Acts and Texts Performance and Ritual in the Middle Ages and the Renaissance


Free Download Laurie Postlewate, Wim Husken, "Acts and Texts: Performance and Ritual in the Middle Ages and the Renaissance"
English | 2007 | pages: 362 | ISBN: 9042021918 | PDF | 4,0 mb
For the Middle Ages and Renaissance, meaning and power were created and propagated through public performance. Processions, coronations, speeches, trials, and executions are all types of public performance that were both acts and texts: acts that originated in the texts that gave them their ideological grounding; texts that bring to us today a trace of their actual performance. Literature, as well, was for the pre-modern public a type of performance: throughout the medieval and early modern periods we see a constant tension and negotiation between the oral/aural delivery of the literary work and the eventual silent/read reception of its written text. The current volume of essays examines the plurality of forms and meanings given to performance in the Middle Ages and Renaissance through discussion of the essential performance/text relationship.
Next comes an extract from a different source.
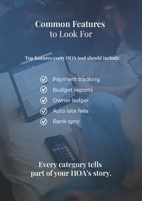 HOA software tracks dues by unit or address, not just by customer name. It runs on a schedule, applying late fees if needed. It also separates reserve funds from day-to-day accounts, which helps boards avoid costly mistakes.

The authors of the essays represent a variety of scholarly disciplines and subject matter: from the "performed" life of the Dominican preacher, to coronation processions, to book presentations; from satirical music speeches, to the rendering of widow portraits, to the performance of romance and pious narrative. Diverse in their objects of study, the essays in this volume all examine the links between the actual events of public performance and the textual origins and subsequent representation of those performances.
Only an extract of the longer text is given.